A produção desses debates envolveu uma pesquisa, para cada local, de fotógrafos e coletivos que produzem material nas favelas e territórios populares, para ser usado como apresentação e divulgação do trabalho desses fotógrafos. Mas foram também importantes ferramentas, a partir das quais os moradores puderam esboçar seus próprios relatos, comentários ou observações. As conversas dos eventos foi gravada em áudio para análise e material de pesquisa e avaliação do caminho que nós, enquanto fotógrafos, estamos traçando.
A análise das falas favorece a reflexão e estimula o debate sobre imagens e narrativa da cidade, com especial foco em direitos humanos e no debate do direito à cidade. Embora o projeto até aqui se restringiu a apenas quatro localidades na cidade, Manguinhos, Providência, Santa Marta e Vila Kennedy, nossa intenção é que possamos continuar essa conversa em outros lugares. Esperamos que seja o mais breve possível, mas entendemos que compartilhar o que já foi feito é igualmente importante. Estamos cientes que ainda há muito por fazer, tanto na reflexão como no trabalho, ambos diretamente relacionados. Um alimenta o outro. Essa pausa para avaliação é necessária ao trabalho de muitos envolvidos, tais como fotógrafos, coletivos de fotógrafos, comunicadores populares, midiativistas e jornalistas, que se fizeram presentes a cada edição dos nossos encontros.

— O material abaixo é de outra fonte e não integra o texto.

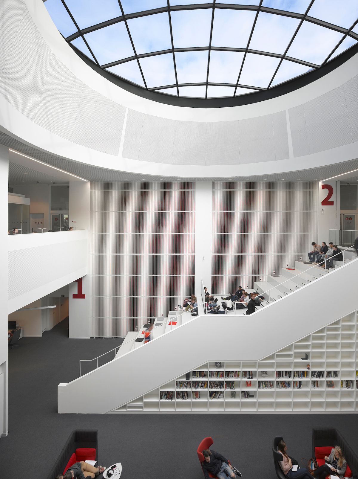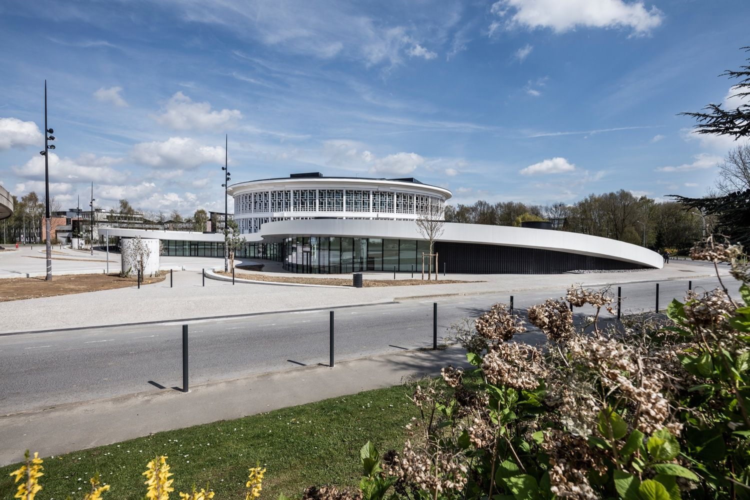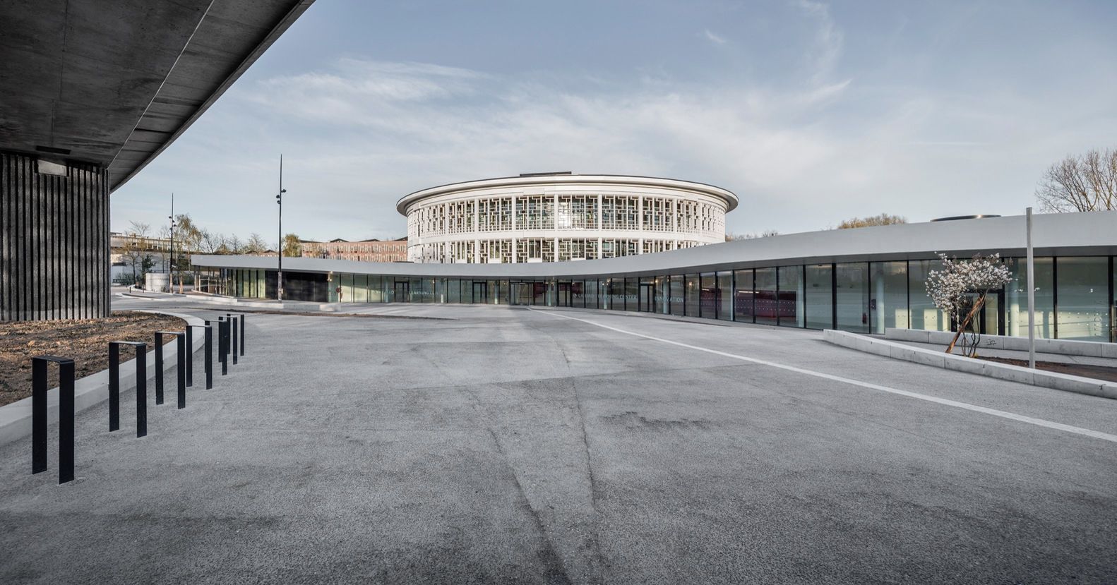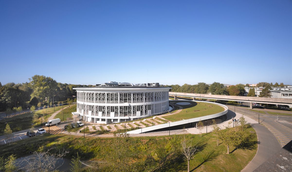 Zukunftsgerichtete Bildung erfordert zeitgemäße Konzepte, insbesondere die Erneuerung der universitären Infrastruktur, zu deren Entwicklung das französische Bildungsministerium maßgeblich beigetragen hat. Die Arbeiten zur Einrichtung und Erweiterung des "Learning Center Innovation" fallen in den Rahmen dieses Programms. Das Gebäude, in dem die derzeitige Bibliothek untergebracht ist, wurde 1965 von dem Architekten Noël Lemaresquier, einem Schüler von Le Corbusier, entworfen und ist strukturell gealtert. Ausschlaggebend war der Umgang mit der perfekten Kreisform des bestehenden Gebäudes und der Fassade, die erhalten bleiben sollte. Wir verzichteten daher auf eine typische Erweiterung des Gebäudes und bevorzugten stattdessen den Ausdruck einer landschaftlichen Lösung: Ein großes Landschaftselement umgibt das Volumen, schafft einen neuen Haupteingang und integriert die neuen Räume in das Konzept. Dieses Landschaftsplateau umgibt die Rotunde und hebt sich durch konzentrische Lichtstrahlen von ihr ab. Ein geschwungenes Dach beherbergt den neuen Empfangsbereich und die Nebenflächen, wobei alle Etagen durch eine Halle mit dem bestehenden Gebäude verbunden sind. Die traditionelle Bibliothek wird so in ein "Lernzentrum" umgewandelt. Die Organisation der Zugänge und die neuen Funktionen unter dem Plateau sind als "alt" und "neu" lesbar: Ein Oberlichtbereich verschiebt die landschaftliche Basis des bestehenden zylindrischen Volumens und nutzt das Lichtband als Schwelle zwischen dem alten und dem neuen Körper. Eine große Halle, die die Eingangsebene mit dem Obergeschoss verbindet, verbindet beide miteinander. Die bestehende Fassade wird weder zerbrochen noch verunstaltet. Die Form des bestehenden Gebäudes - die Geometrie des Kreises - dient als Gestaltungselement zwischen dem alten und dem neuen Körper. Die Kreisform wird wiederholt, skaliert und gegeneinander verschoben. Dadurch werden neue Räume mit unterschiedlichen Funktionen, architektonischen Qualitäten, Tiefen und Beleuchtungsstärken definiert. Die Aufteilung der Innenräume folgt der Komposition zwischen dem bestehenden Gebäude und dem neuen Landschaftsplateau. Während die weitläufigen Lesebereiche und Buchhandlungen im bestehenden Gebäude organisiert sind, werden Funktionen wie der Veranstaltungsbereich und das mit neuen Technologien beladene Xperium öffentlich in der Basis positioniert. Im digitalen Zeitalter lösen sich die Grenzen auf; die klassische Bibliothek ist überholt; digitale Medien und Interaktion gewinnen an Bedeutung und bewirken die Auflösung der räumlichen Grenzen in den Lernzonen. Das Gebäude entwirft eine Wissenslandschaft, die eine zentrale Halle als Kommunikationsraum umschließt. Verschiedene Lerninstitutionen verschmelzen miteinander und schaffen Räume mit multifunktionaler Nutzung, die den Nutzern flexibel einsetzbare Räume bieten. Die Arbeit mit der Innenfassade des kreisförmigen Gebäudes ermöglicht eine Erweiterung der Bibliothek in den Außenraum.
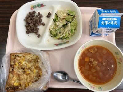2024年6月4日 13時40分今日の献立は、ツナコーンピザ、ミネストローネ、かにかまサラダ、ココア豆、牛乳です(656kcal)。
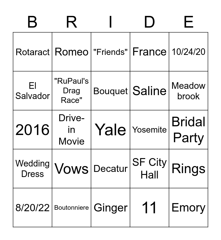 This bingo card has 31 words: Ginger, Dahl, Drive-in Movie, U of M, Rotaract, "Friends", "RuPaul's Drag Race", SF City Hall, Yosemite, 11, Bridal Party, Yale, Emory, WHO, Meadow brook, Happiness, Rings, Vows, Wedding Dress, Decatur, 10/24/20, 8/24/21, 8/20/22, Romeo, Saline, El Salvador, France, 2016, Boutonniere, Bouquet and Jr. Wedding Party.
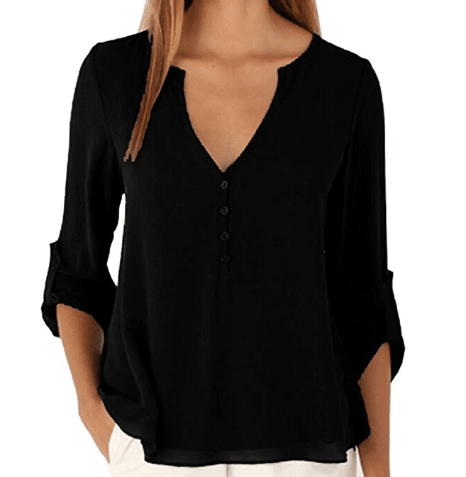 San Valentino 2019 regali abbigliamento donna 3) QIYUN.Z Donne Casuali Manica Lunga Pulsante Chiffon con Scollo V Arredamento Camicie Orlo Irregolare Cime
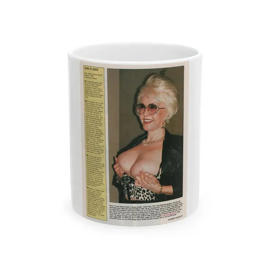 Jeanne Carmen #154 - Celebrity Sleuth Magazine Article & 1 Topless Color Photo on Page 15 (Vintage Female Icon) White Coffee Mug
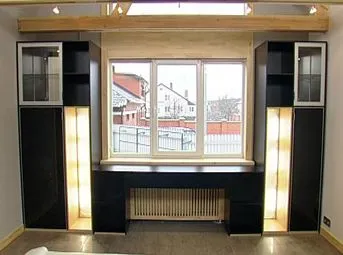 Вокруг окна выстроили почти симметричную композицию, состоящую из двух стеллажей и стола между ними. Корпус композиции выполнен из ламинированной плиты черного цвета, цокольная плита – как и во всех других мебельных конструкциях в этой комнате – из ламинированной плиты «Дуб Феррара» толщиной 25 мм светлого оттенка, имитирующей структуру дерева.
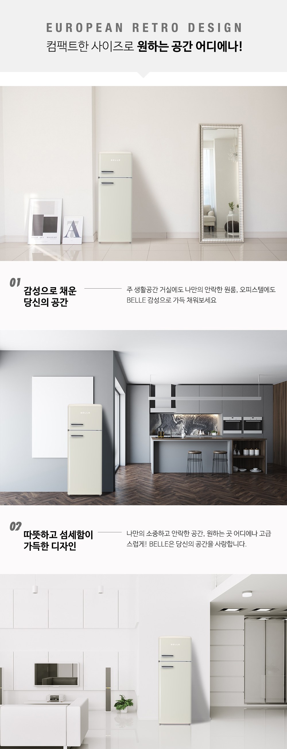 BELLE 레트로 글라스 211L 2도어 냉장고 방문설치
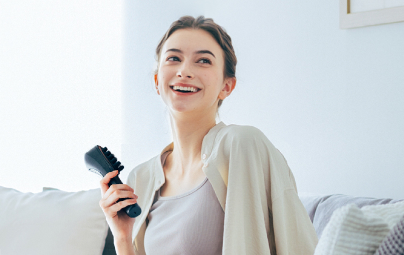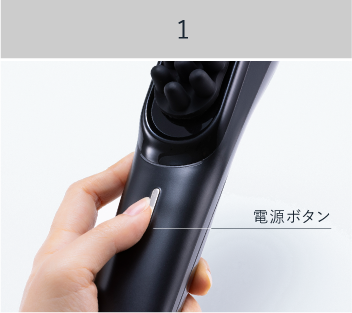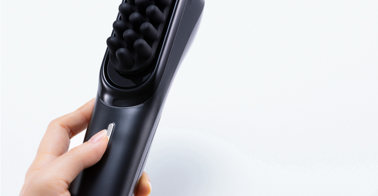 ●本体をしっかりと手で持ち、ブラシ全体を頭皮や肌に垂直に当ててください。

Para concluir, gostaríamos de dividir nossa experiência com esses encontros e espaços de diálogo. Compartilhar como foi a dinâmica e suas diferenças em cada lugar, as observações, dúvidas e também algumas de nossas breves conclusões. Tudo isso se remete ao que entendemos como o nosso papel enquanto defensores da fotografia popular como uma forma de pensar e mediar a cidade através da fotografia. Que cidade queremos, que cidade queremos contar?
Favela em Foco
O Favela em Foco é um coletivo multimídia, fundado por fotógrafos oriundos de espaços populares, com atuação em favelas cariocas. O coletivo documenta questões relacionadas a esses espaços, com o objetivo fundamental de descolonizar o olhar estereotipado e marginalizado sobre as favelas, reproduzido pela mídia hegemônica. Temas variam desde o cotidiano e a cultura popular a situações de descaso do poder público, como a falta de infra-estrutura, remoções e segurança pública. A divulgação desse material acontece em plataformas multimídia ou com projeções e ações culturais de intervenção urbana.
O Favela em Foco dialoga com as pessoas de espaços populares, em todo o processo de documentação, ao valorizar estes espaços e suas histórias, o que resulta em uma melhora da auto-estima individual e coletiva. Através dessas narrativas, espera-se humanizar o olhar sobre as favelas e espaços populares da cidade do Rio de Janeiro entre aqueles que não conhecem esses espaços ou têm uma visão restrita dessa realidade.